Records shown Start Marker

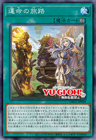 (1) If you control no “Brave Tokens”: Special Summon 1 “Brave Token” (Fairy/EARTH/Level 4/ATK 2000/DEF 2000), then, if you do not control “Journey of Destiny”, you can place 1 “Journey of Destiny” from your Deck face-up in your Spell & Trap Zone.
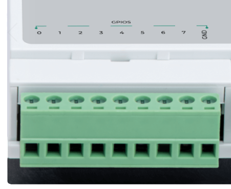 In contrast to GPIOs, Analog inputs can read voltages at any level between 0 to 3.3V. It is recommended to use a series resistor to protect the input from stray voltages and spikes. The internal Analog to Digital converter supports 12 bits resolution which is adequate for most applications. The table below summarizes the GPIO and Analog to Digital Converter input positions on the screw terminals.
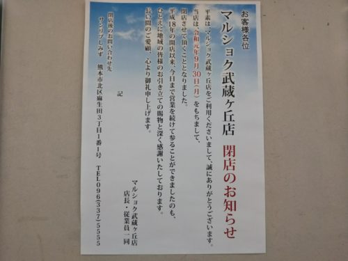マルショク武蔵ヶ丘店が9月30日で閉店
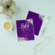 Design de "Programa de Festa de aniversário" elegante com Convênio Floral em Prata e Roxo com texto personalizado.
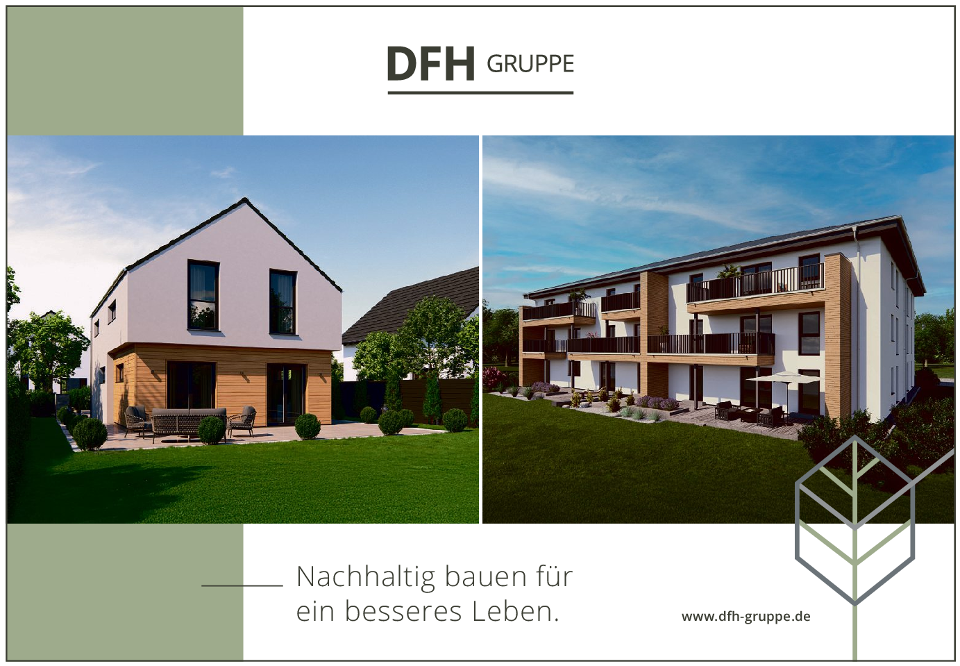 So entsteht Wohnraum, der Verantwortung übernimmt für Familien, für Kommunen, für kommende Generationen. Nachhaltig bauen bedeutet, Zukunft zu gestalten. Und genau das ist der Weg, den die DFH GRUPPE seit Jahren geht - aus Überzeugung, aus regionaler Stärke und mit Blick auf ein besseres Leben für alle.
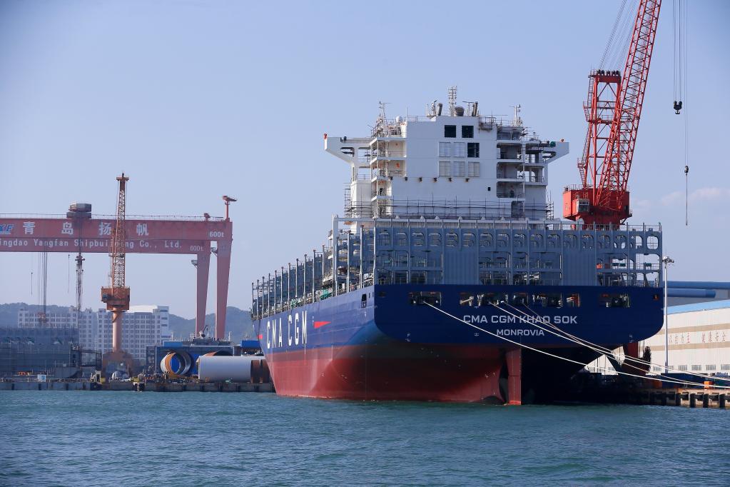 今年以來,山東青島造船廠來自國外的集裝箱船、散貨船等訂單飽滿,生產訂單已排至2025年。
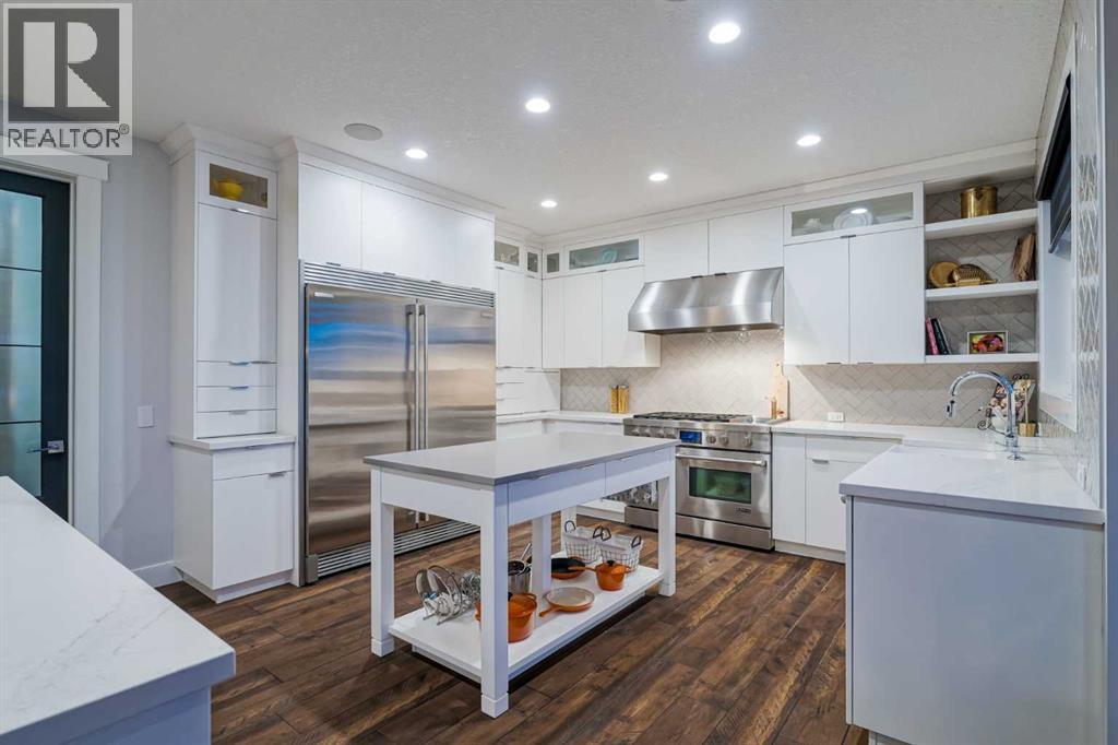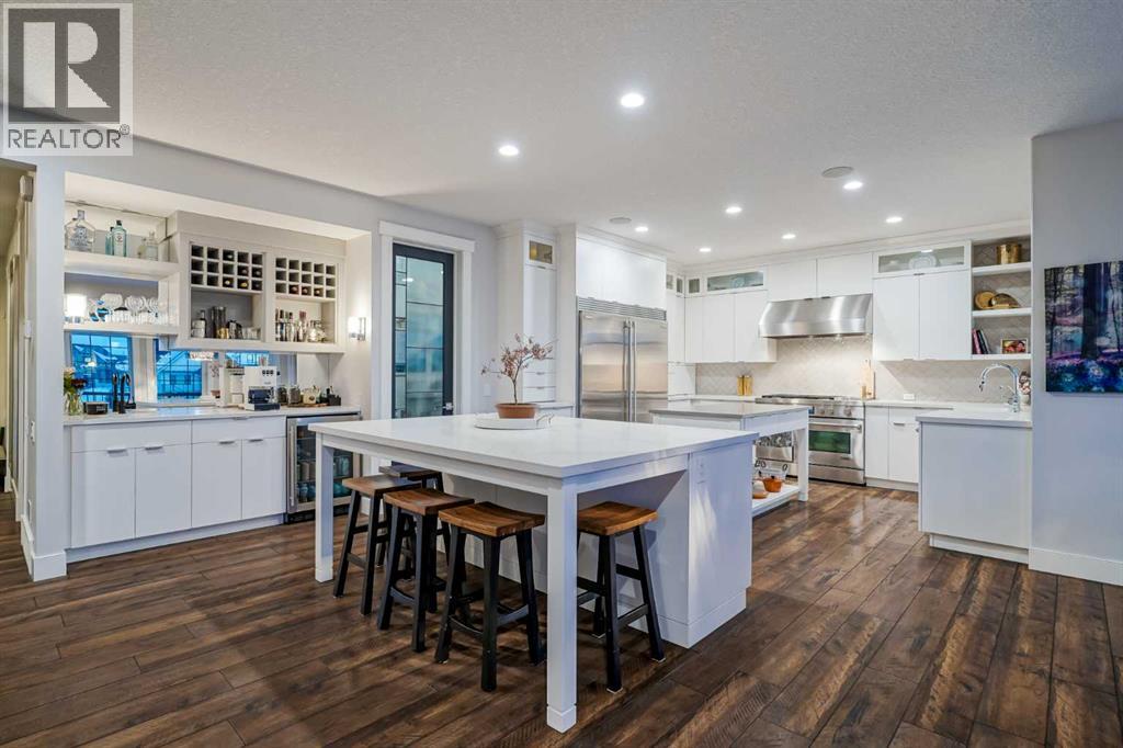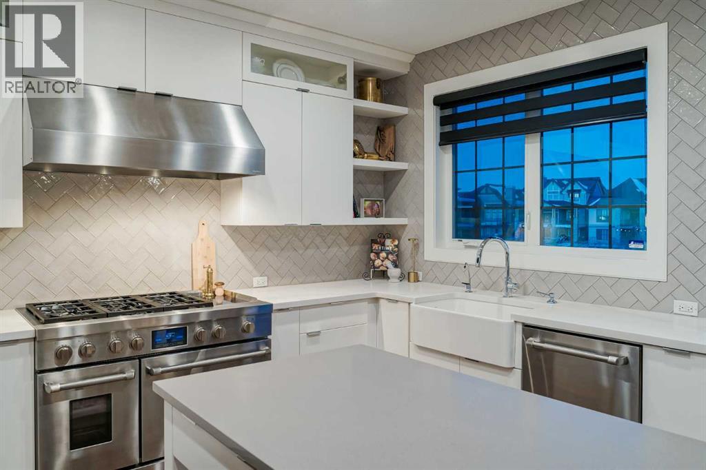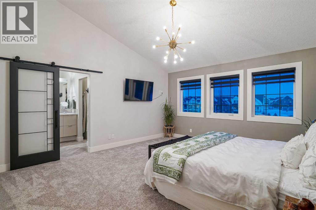 **OPEN HOUSE SUN MAR 1st 12PM - 4PM** Welcome to this exceptional McKee-built custom home in the prestigious community of Coopers Crossing, where refined craftsmanship meets unobstructed pond-side living. Offering over 3,700 sqft of professionally developed living space, this fully finished 4-bedroom, 3.5-bathroom walk-out home delivers an elevated lifestyle defined by architectural detail and premium upgrades. From the moment you arrive, the curb appeal is undeniable - an exposed aggregate driveway, covered front porch with cedar soffit detailing, and a fully landscaped lot create a strong first impression. The 708 sqft triple tandem heated garage is both functional and impressive, complete with overhead storage and room for vehicles, toys, or workshop space. Inside, a dramatic open-rise staircase anchors the main level, while engineered hardwood flooring flows throughout. The great room is designed for both everyday living and upscale entertaining, featuring a custom fireplace surround with built-ins and expansive windows framing tranquil pond views. The chef-inspired kitchen is a true showpiece. Thoughtfully upgraded with crisp white cabinetry, double islands, and premium stainless steel appliances, it includes a 48” Jenn-Air dual-fuel gas range, Vent-A-Hood range hood, and Electrolux side-by-side refrigerator/freezer. An exquisite under mount sink and refined finishes complete this elevated culinary space. From this level, step outside to your private backyard oasis: a full-width 33’4” x 9’8” composite deck with stairs leading to professionally designed stone scaping, low-maintenance turf, and a dedicated firepit and patio area (15’4” x 10’4”). Upstairs, vaulted ceilings and two skylights flood the bonus room, primary suite, ensuite, and laundry room with natural light. The primary retreat offers serene water views and a spa-inspired ensuite designed for relaxation. Three additional bedrooms complete the upper level, including one with a charming Juliet balcony. The fully developed walk-out basement extends the living space seamlessly outdoors and features a wet bar, spacious recreation area, hobby room, and additional storage. Morning coffees overlooking the water in summer. Skating on the pond in winter. This is a home designed to be experienced in every season. Additional highlights include upper-level exterior pot lights, custom built-ins throughout, security camera system and panel, pre-wired in-ceiling speakers with two Sonos bridges, dual furnaces plus A/C. Rarely do homes combine this level of finish, functionality, and uninterrupted pond views in one of Airdrie’s most sought-after communities. This is luxury living - without compromise. (31690000)
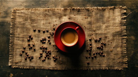 An inviting red cup of coffee sits atop a rustic burlap cloth, surrounded by scattered coffee beans. This warm still life captures the essence of a cozy coffee moment.
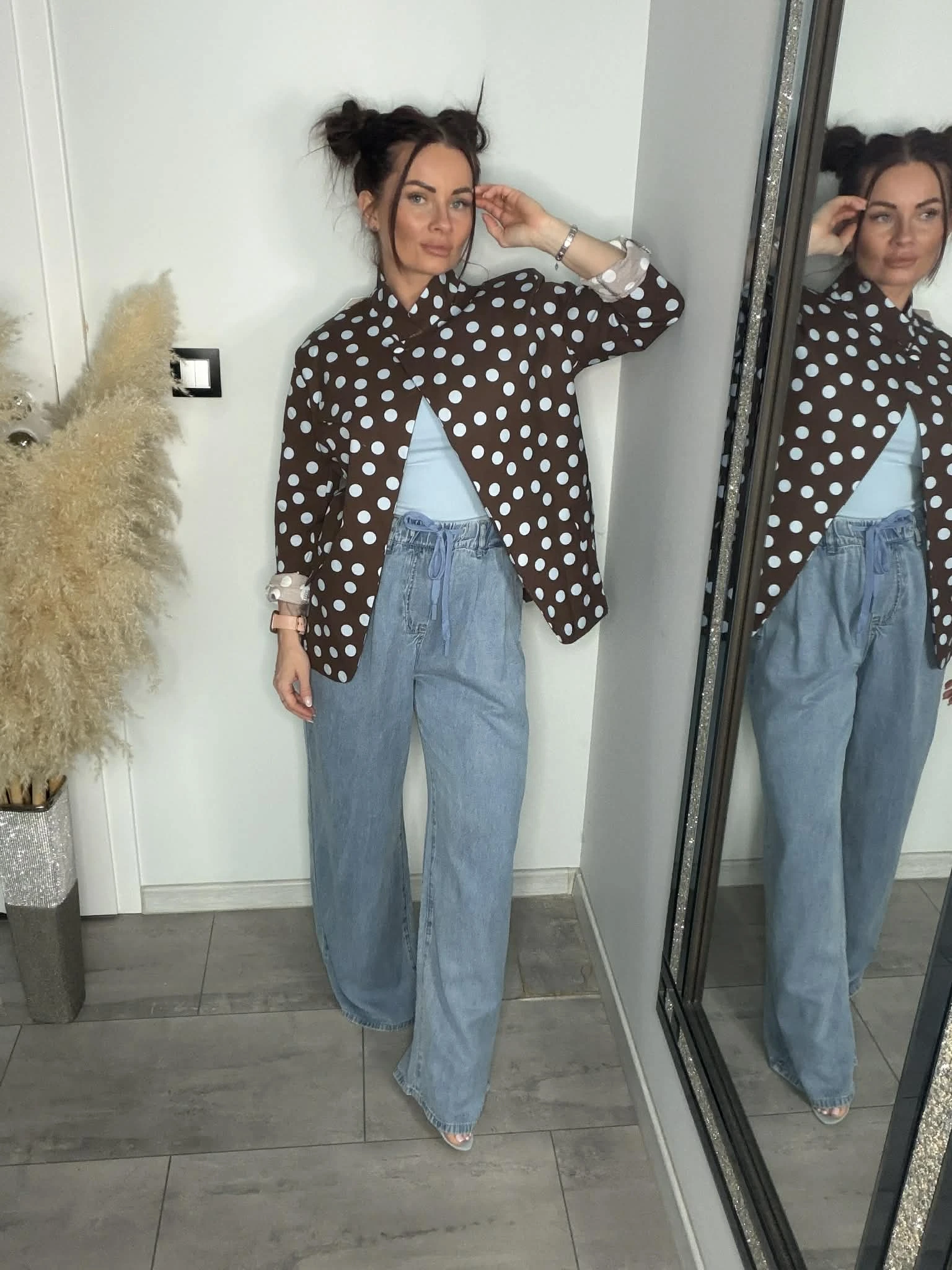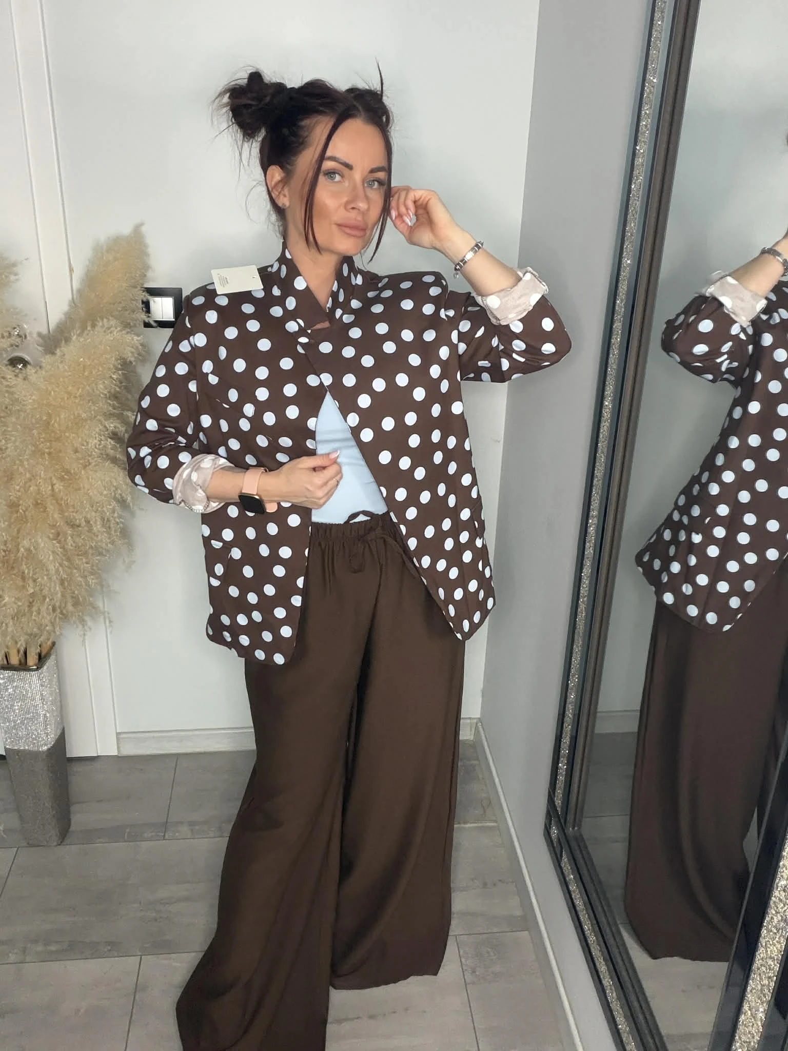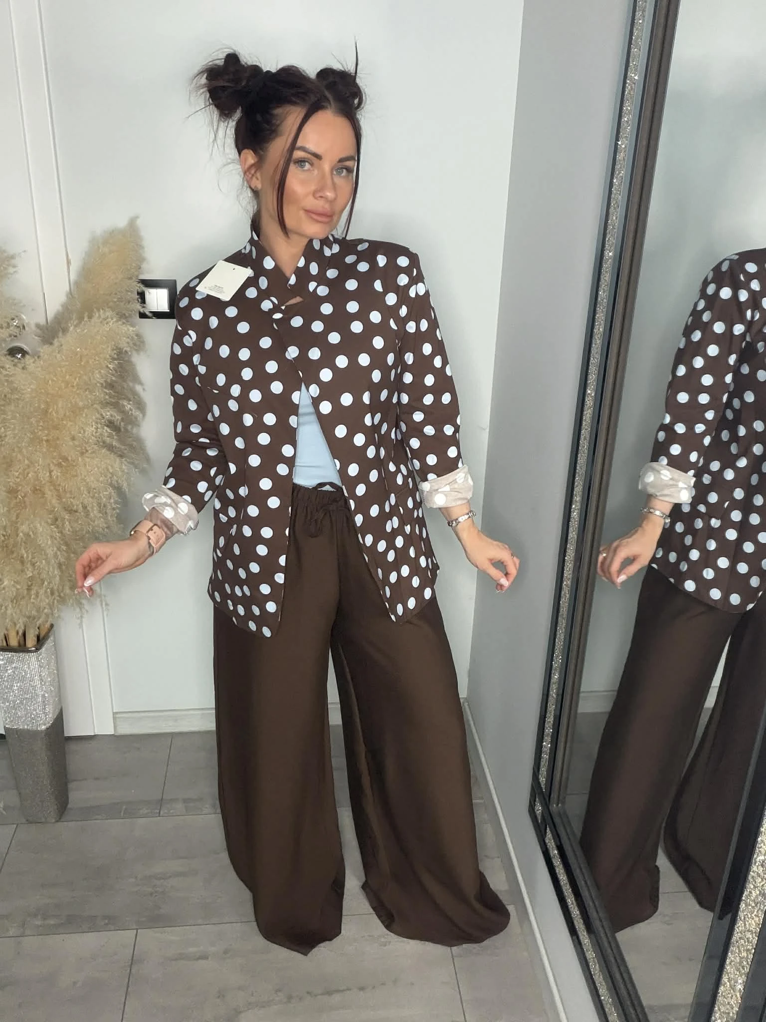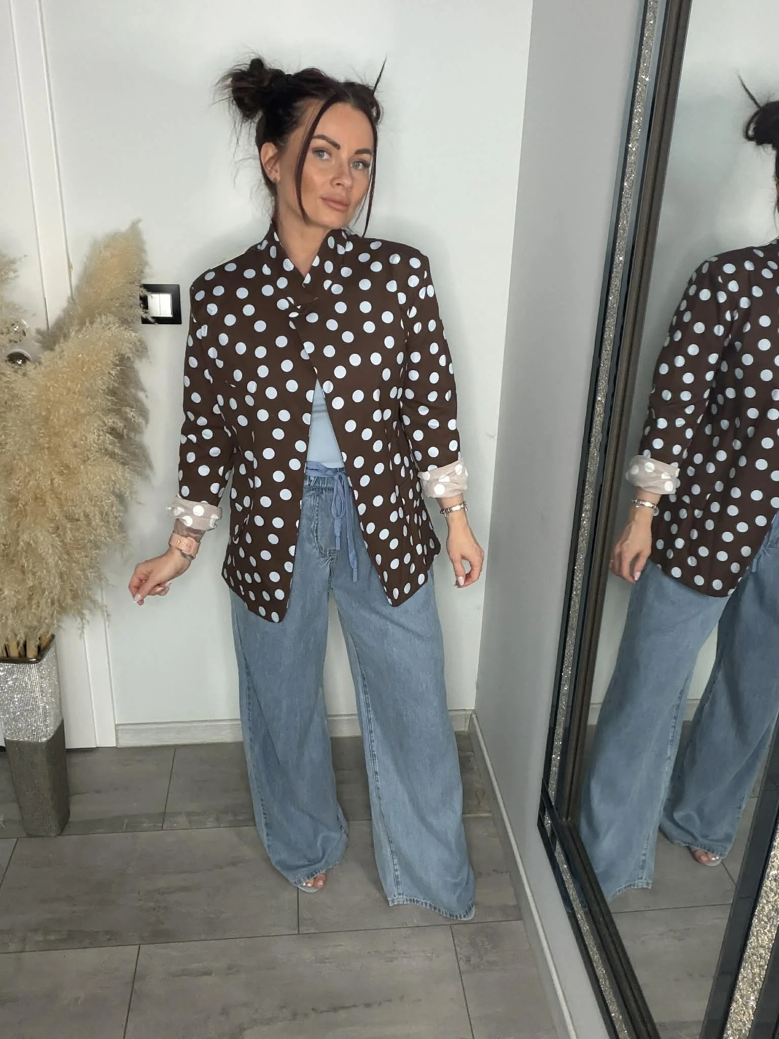 Stylowa marynarka w grochy, która dodaje charakteru każdej stylizacji. Lekko luźniejszy fason oraz delikatne poduszki na ramionach pięknie podkreślają sylwetkę i nadają jej modnej formy. Dzięki wysokiej zawartości bawełny materiał jest miękki, przyjemny w dotyku i oddychający, a dodatek elastanu zapewnia komfort i dopasowanie. Możesz nosić ją klasycznie z topem lub bardziej odważnie – na stanik, tworząc modny, letni look. Idealna do jeansów, eleganckich spodni czy szortów – model, który robi całą stylizację.

Records shown End Marker

| Your task |
Give back exactly the lines from the first line of the data through the line with "今年以來,山東青島造船廠來自", pictures excluded.

| Solution |
 (1) If you control no “Brave Tokens”: Special Summon 1 “Brave Token” (Fairy/EARTH/Level 4/ATK 2000/DEF 2000), then, if you do not control “Journey of Destiny”, you can place 1 “Journey of Destiny” from your Deck face-up in your Spell & Trap Zone.
 In contrast to GPIOs, Analog inputs can read voltages at any level between 0 to 3.3V. It is recommended to use a series resistor to protect the input from stray voltages and spikes. The internal Analog to Digital converter supports 12 bits resolution which is adequate for most applications. The table below summarizes the GPIO and Analog to Digital Converter input positions on the screw terminals.
マルショク武蔵ヶ丘店が9月30日で閉店
 Design de "Programa de Festa de aniversário" elegante com Convênio Floral em Prata e Roxo com texto personalizado.
 So entsteht Wohnraum, der Verantwortung übernimmt für Familien, für Kommunen, für kommende Generationen. Nachhaltig bauen bedeutet, Zukunft zu gestalten. Und genau das ist der Weg, den die DFH GRUPPE seit Jahren geht - aus Überzeugung, aus regionaler Stärke und mit Blick auf ein besseres Leben für alle.
 今年以來,山東青島造船廠來自國外的集裝箱船、散貨船等訂單飽滿,生產訂單已排至2025年。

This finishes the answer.